Scott Bradley (born October 14, 1976, in Mountain View, California) is a former American racing driver. Bradley won the 2001 Star Mazda championship. Bradley also competed in USF2000, American Le Mans Series among other series.

Racing career
Scott Bradley began racing go-karts with the IKF in 1990 at the age of fourteen. In 1993 Bradley made his single seater debut. After completing the Skip Barber Racing School he raced in the Skip Barber Racing School Formula Ford before moving into Formula Continental. For 1995 Bradley stepped up to the professional USF2000. He scored a pole position at Watkins Glen International but failed to finish the race. His best race result was an eighth place at Mid-Ohio Sports Car Course. The following, joining DSTP Motorsports, year he improved his best result to seventh, at Richmond International Raceway. In October 1996 Bradley tested a Formula Renault car for Redgrave Racing. Despite impressing several teams he failed to put together a budget for the 1997 season leaving him without a drive.

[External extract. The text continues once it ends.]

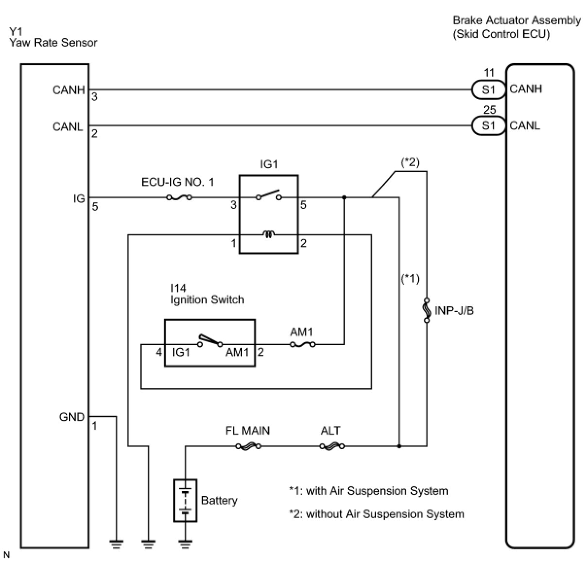 Brake actuator receives signals from the yaw rate sensor via the CAN communication system.
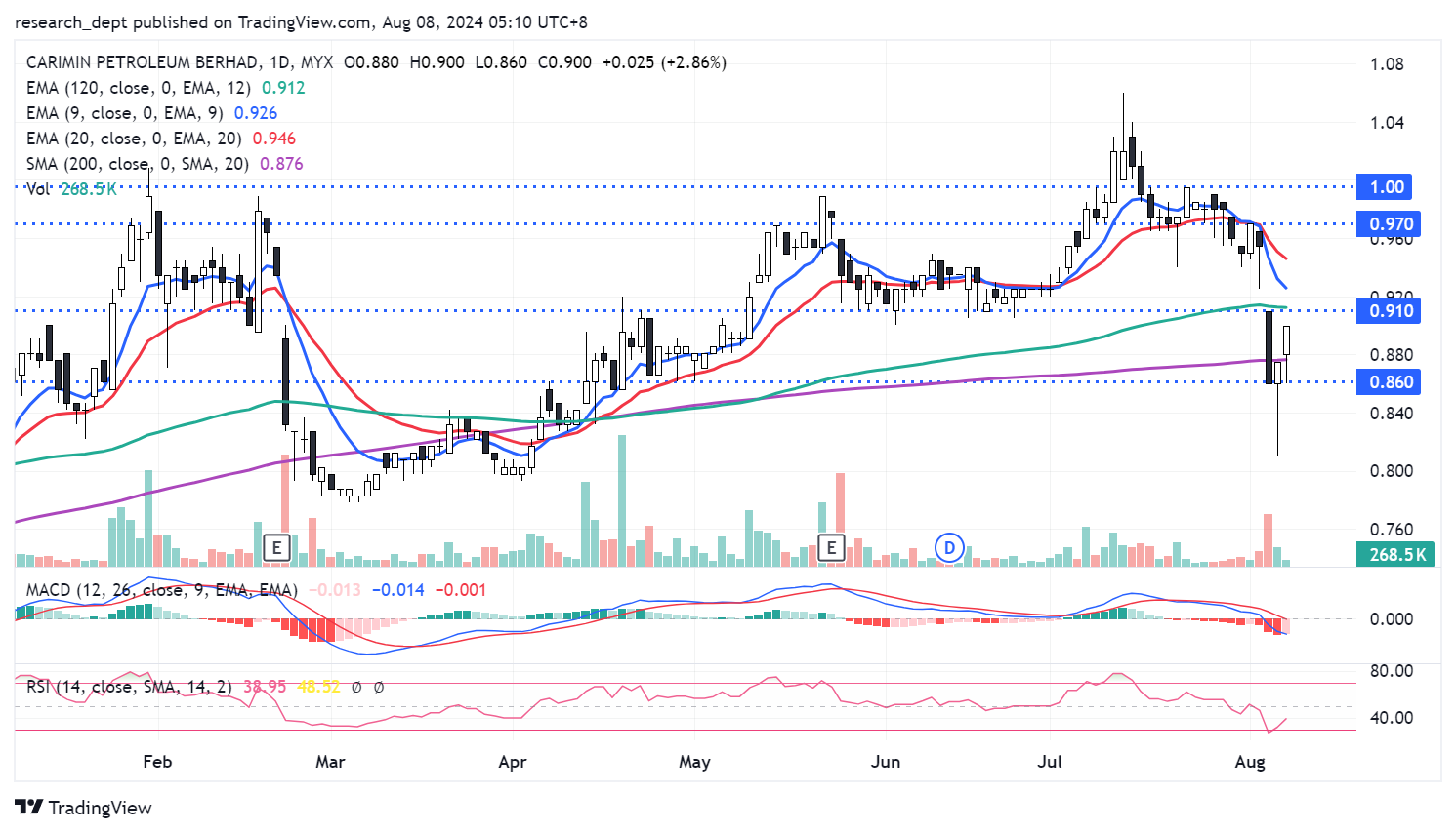 After charging higher since bottoming out in March 2024, the rally took a tumble as price briefly dipped below SMA200. Price formed a hammer candle and a quick rebound above SMA200. For now, traders may monitor for a potential extension of rebound above RM0.91 to target the next resistances located at RM0.97- 1.00. Downside wise, support is pegged at RM0.86.

In 1998 Bradley returned to the racing track running selected SCCA Formula Continental races. In 1999 Bradley ran a partial Formula Dodge Western Race Series schedule. Bradley finished on the podium twice, at Willow Springs Raceway and Las Vegas Motor Speedway. Bradley ran full-time in the Star Mazda series in 2000. Racing with World Speed Motorsports he scored his first podium at Sonoma Raceway. He finished fourth in his inaugural championship. He returned to the series in 2001. Bradley won races at Texas Motor Speedway and Mazda Raceway Laguna Seca. He secured the championship over Marc De Vellis with a two-point advantage.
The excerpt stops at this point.